Stored items
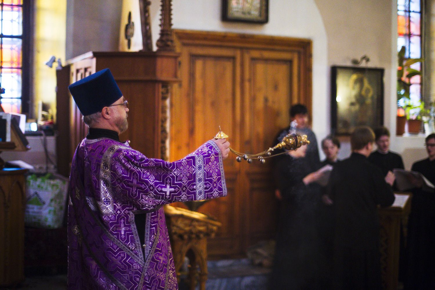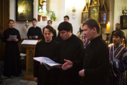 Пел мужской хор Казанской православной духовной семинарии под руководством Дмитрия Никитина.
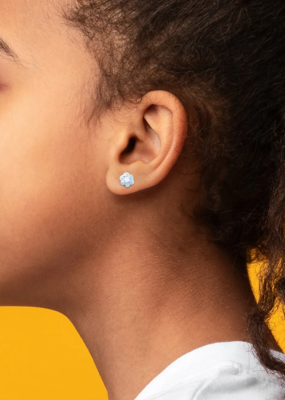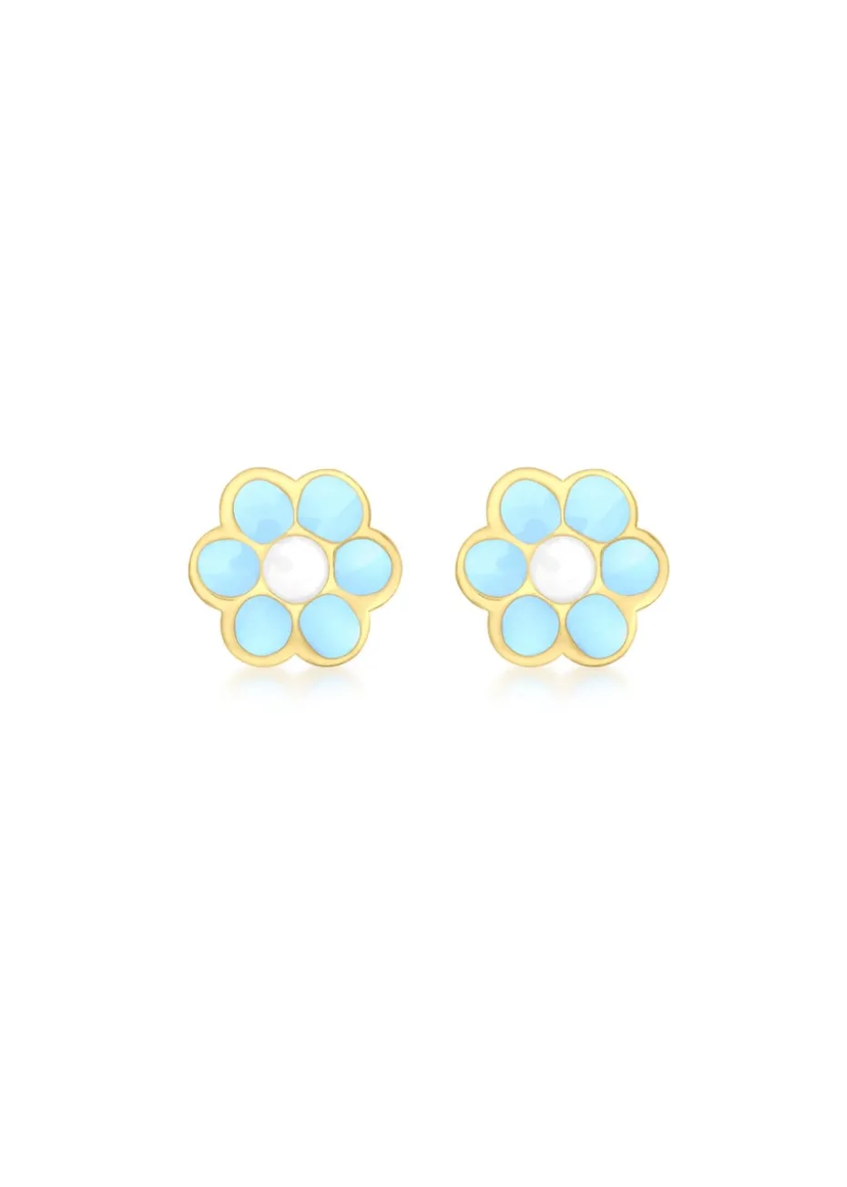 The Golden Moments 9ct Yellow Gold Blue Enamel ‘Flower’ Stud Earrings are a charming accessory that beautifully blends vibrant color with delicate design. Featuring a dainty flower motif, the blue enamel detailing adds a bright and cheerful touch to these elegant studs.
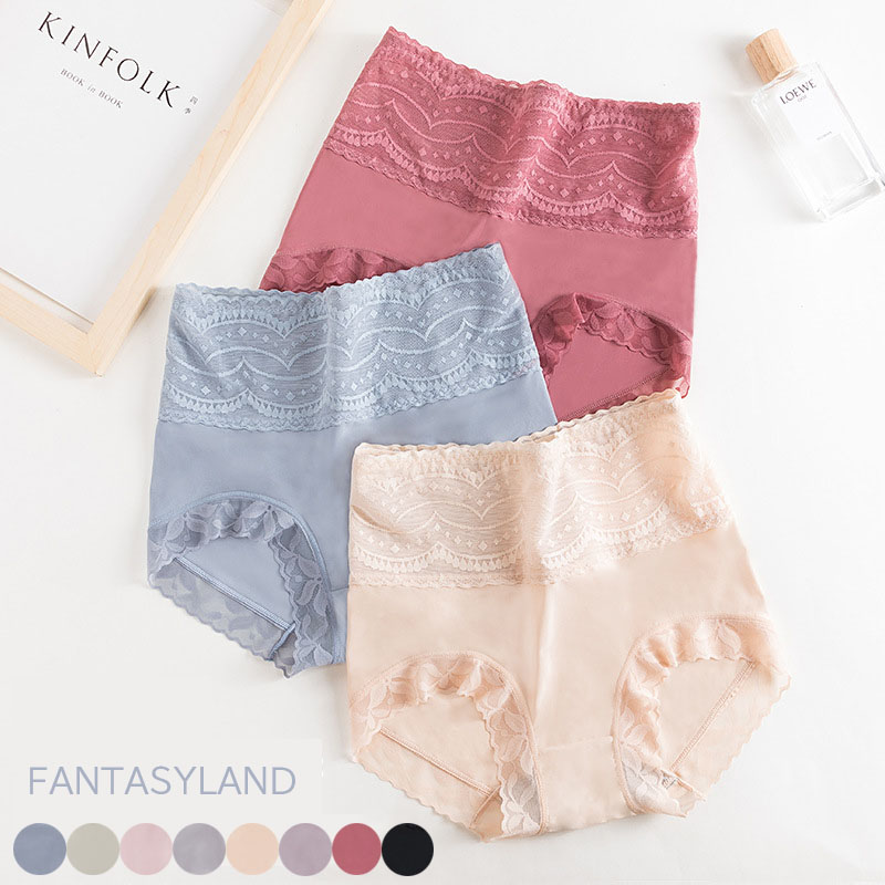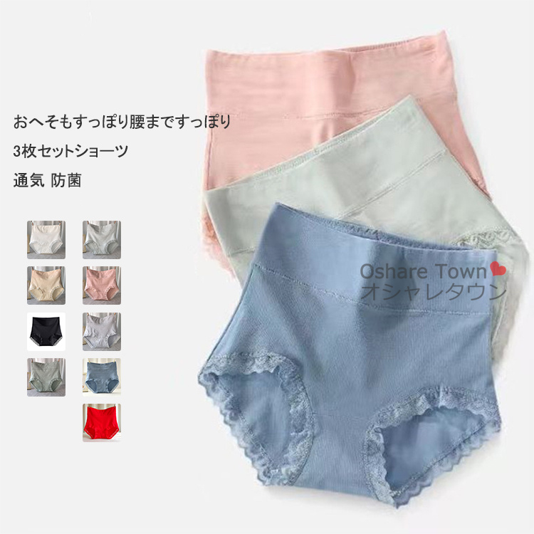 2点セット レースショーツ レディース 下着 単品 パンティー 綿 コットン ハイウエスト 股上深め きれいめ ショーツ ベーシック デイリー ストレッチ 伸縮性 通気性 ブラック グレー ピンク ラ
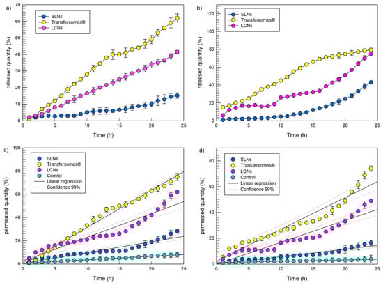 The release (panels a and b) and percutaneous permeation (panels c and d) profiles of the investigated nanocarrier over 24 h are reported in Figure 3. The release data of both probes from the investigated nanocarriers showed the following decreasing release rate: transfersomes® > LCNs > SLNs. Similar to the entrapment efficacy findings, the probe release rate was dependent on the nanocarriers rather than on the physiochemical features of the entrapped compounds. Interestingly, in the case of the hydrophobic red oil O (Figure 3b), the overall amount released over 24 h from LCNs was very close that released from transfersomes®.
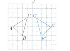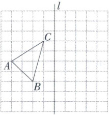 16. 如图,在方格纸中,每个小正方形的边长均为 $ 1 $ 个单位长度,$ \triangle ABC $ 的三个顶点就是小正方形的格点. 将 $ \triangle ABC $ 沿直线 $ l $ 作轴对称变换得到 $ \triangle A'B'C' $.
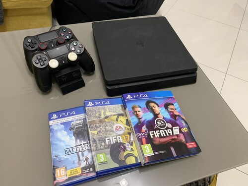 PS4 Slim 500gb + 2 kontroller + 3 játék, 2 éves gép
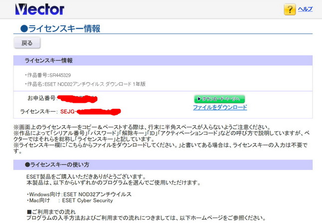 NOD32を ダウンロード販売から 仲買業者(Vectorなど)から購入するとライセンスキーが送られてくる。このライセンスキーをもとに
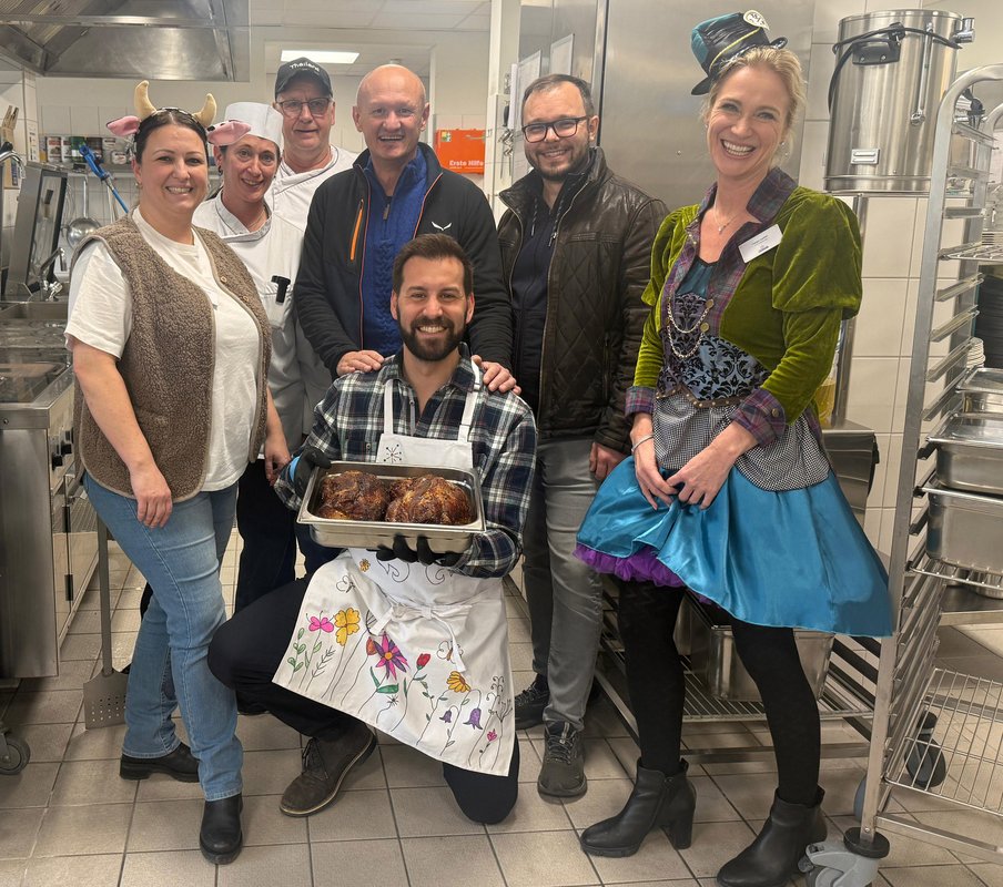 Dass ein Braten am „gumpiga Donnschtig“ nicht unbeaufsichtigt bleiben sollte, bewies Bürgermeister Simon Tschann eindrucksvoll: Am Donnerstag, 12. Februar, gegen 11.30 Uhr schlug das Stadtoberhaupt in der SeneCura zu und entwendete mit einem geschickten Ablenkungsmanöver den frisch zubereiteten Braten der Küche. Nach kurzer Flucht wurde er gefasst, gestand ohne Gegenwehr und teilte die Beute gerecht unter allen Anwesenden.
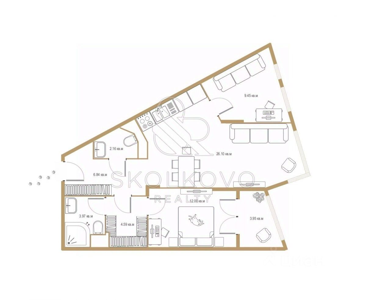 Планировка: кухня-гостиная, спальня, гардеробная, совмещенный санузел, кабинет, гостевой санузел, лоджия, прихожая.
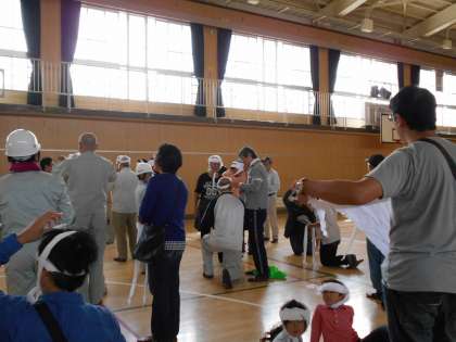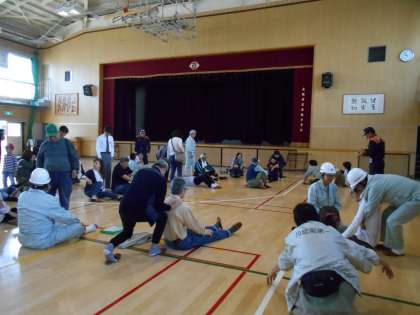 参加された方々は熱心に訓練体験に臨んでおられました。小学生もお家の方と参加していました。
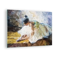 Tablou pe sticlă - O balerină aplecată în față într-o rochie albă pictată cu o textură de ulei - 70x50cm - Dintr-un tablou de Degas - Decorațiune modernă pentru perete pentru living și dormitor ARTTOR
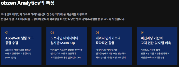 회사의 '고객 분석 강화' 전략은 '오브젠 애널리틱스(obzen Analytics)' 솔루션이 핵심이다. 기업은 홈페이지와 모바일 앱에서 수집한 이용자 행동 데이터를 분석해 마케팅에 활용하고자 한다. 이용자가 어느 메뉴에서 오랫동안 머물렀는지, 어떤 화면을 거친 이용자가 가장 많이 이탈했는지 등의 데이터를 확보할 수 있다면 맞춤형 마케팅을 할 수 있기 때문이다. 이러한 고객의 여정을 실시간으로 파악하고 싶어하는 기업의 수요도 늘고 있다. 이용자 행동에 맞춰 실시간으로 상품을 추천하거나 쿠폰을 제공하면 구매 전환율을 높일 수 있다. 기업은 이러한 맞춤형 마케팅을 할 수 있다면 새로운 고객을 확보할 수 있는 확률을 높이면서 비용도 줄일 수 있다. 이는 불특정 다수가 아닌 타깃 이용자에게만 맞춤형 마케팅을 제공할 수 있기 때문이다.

▶ _Your assignment_
Leave out the pictures and restate, word for word, the lines from the top of the data through the line containing "16. 如图,在方格纸中,每个小正方形的边长均为 $", both included.

▶ _Output below_
 Пел мужской хор Казанской православной духовной семинарии под руководством Дмитрия Никитина.
 The Golden Moments 9ct Yellow Gold Blue Enamel ‘Flower’ Stud Earrings are a charming accessory that beautifully blends vibrant color with delicate design. Featuring a dainty flower motif, the blue enamel detailing adds a bright and cheerful touch to these elegant studs.
 2点セット レースショーツ レディース 下着 単品 パンティー 綿 コットン ハイウエスト 股上深め きれいめ ショーツ ベーシック デイリー ストレッチ 伸縮性 通気性 ブラック グレー ピンク ラ
 The release (panels a and b) and percutaneous permeation (panels c and d) profiles of the investigated nanocarrier over 24 h are reported in Figure 3. The release data of both probes from the investigated nanocarriers showed the following decreasing release rate: transfersomes® > LCNs > SLNs. Similar to the entrapment efficacy findings, the probe release rate was dependent on the nanocarriers rather than on the physiochemical features of the entrapped compounds. Interestingly, in the case of the hydrophobic red oil O (Figure 3b), the overall amount released over 24 h from LCNs was very close that released from transfersomes®.
 16. 如图,在方格纸中,每个小正方形的边长均为 $ 1 $ 个单位长度,$ \triangle ABC $ 的三个顶点就是小正方形的格点. 将 $ \triangle ABC $ 沿直线 $ l $ 作轴对称变换得到 $ \triangle A'B'C' $.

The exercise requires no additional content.